## How to complete this task
For this exercise, please transcribe exactly and only the lines from the one containing "Die Villiger Premium" through the end of the material, both ends included, without pictures.

----- Stored data

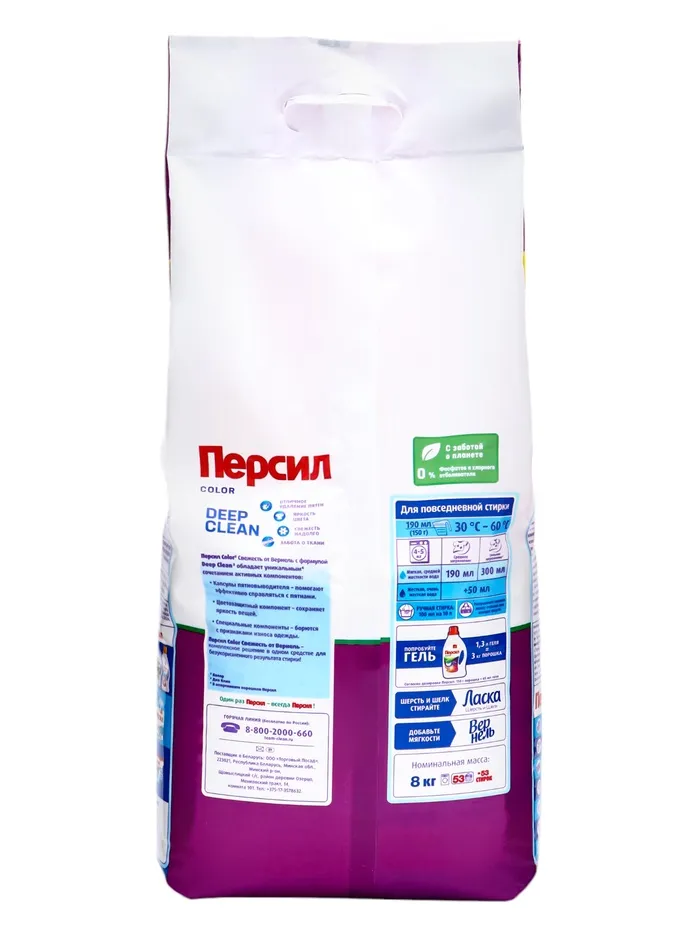Стиральный порошок Персил Color "Свежесть от Вернель" для цветного белья, 8 кг — Характеристики
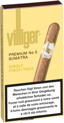 Die Villiger Premium No. 5 Sumatra ist eine hochwertige Zigarre, die für ihr mildes bis mittelkräftiges Aroma geschätzt wird. Mit einer Länge von 122 mm und einem Durchmesser von 15 mm (Ringmaß 38) bietet sie eine Rauchdauer von etwa 20 Minuten. Die Einlage besteht aus einer sorgfältig ausgewählten Mischung von Tabaken aus Südamerika und Brasilien, umhüllt von einem hochwertigen Sumatra-Deckblatt.
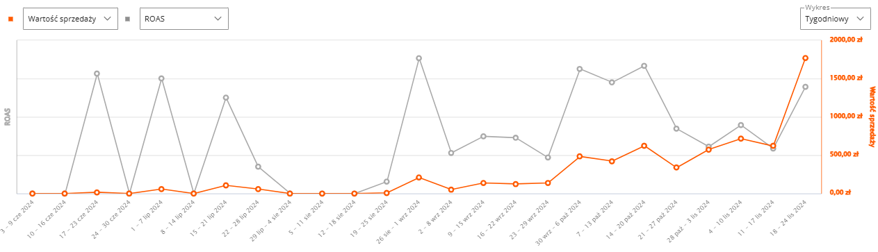 Mimo niższych stawek CPC i spadku liczby odsłon oraz wizyt oferta notowała zbliżony poziom sprzedaży, jednak tym razem niższym kosztem, co przełożyło się na poprawę wskaźnika ROAS.

----------

## Response
 Die Villiger Premium No. 5 Sumatra ist eine hochwertige Zigarre, die für ihr mildes bis mittelkräftiges Aroma geschätzt wird. Mit einer Länge von 122 mm und einem Durchmesser von 15 mm (Ringmaß 38) bietet sie eine Rauchdauer von etwa 20 Minuten. Die Einlage besteht aus einer sorgfältig ausgewählten Mischung von Tabaken aus Südamerika und Brasilien, umhüllt von einem hochwertigen Sumatra-Deckblatt.
 Mimo niższych stawek CPC i spadku liczby odsłon oraz wizyt oferta notowała zbliżony poziom sprzedaży, jednak tym razem niższym kosztem, co przełożyło się na poprawę wskaźnika ROAS.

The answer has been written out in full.